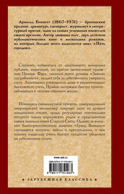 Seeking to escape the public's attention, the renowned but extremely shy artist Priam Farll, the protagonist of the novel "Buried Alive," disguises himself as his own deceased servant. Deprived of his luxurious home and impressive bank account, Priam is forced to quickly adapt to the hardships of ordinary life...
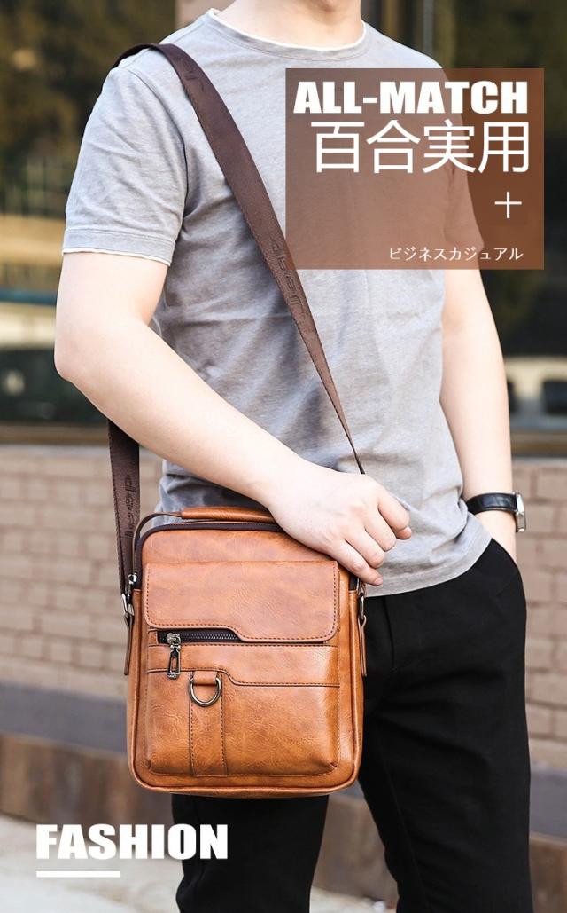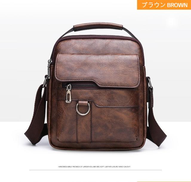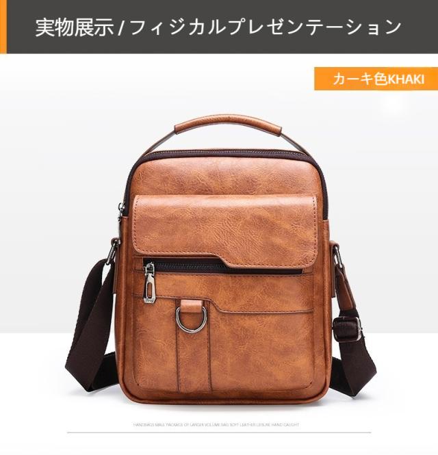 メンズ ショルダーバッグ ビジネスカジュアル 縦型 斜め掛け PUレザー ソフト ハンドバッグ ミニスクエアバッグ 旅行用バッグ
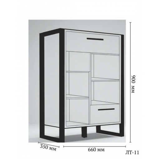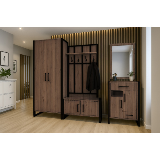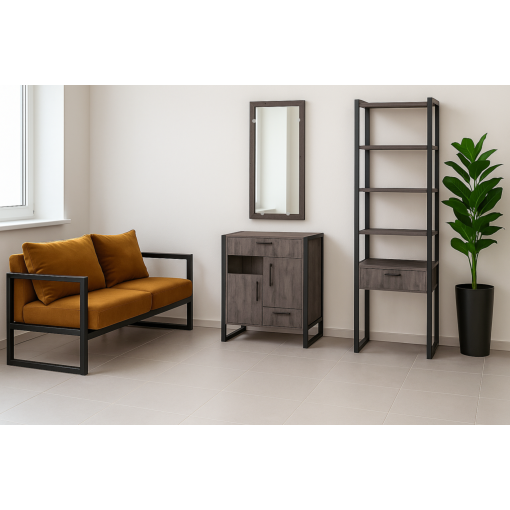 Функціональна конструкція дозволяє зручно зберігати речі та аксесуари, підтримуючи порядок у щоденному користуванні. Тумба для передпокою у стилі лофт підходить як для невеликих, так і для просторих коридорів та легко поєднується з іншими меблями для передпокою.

----------

What is being asked:
Keep the pictures out while you retype all of the data above exactly as it appears.

Exercise answer:
 Seeking to escape the public's attention, the renowned but extremely shy artist Priam Farll, the protagonist of the novel "Buried Alive," disguises himself as his own deceased servant. Deprived of his luxurious home and impressive bank account, Priam is forced to quickly adapt to the hardships of ordinary life...
 メンズ ショルダーバッグ ビジネスカジュアル 縦型 斜め掛け PUレザー ソフト ハンドバッグ ミニスクエアバッグ 旅行用バッグ
 Функціональна конструкція дозволяє зручно зберігати речі та аксесуари, підтримуючи порядок у щоденному користуванні. Тумба для передпокою у стилі лофт підходить як для невеликих, так і для просторих коридорів та легко поєднується з іншими меблями для передпокою.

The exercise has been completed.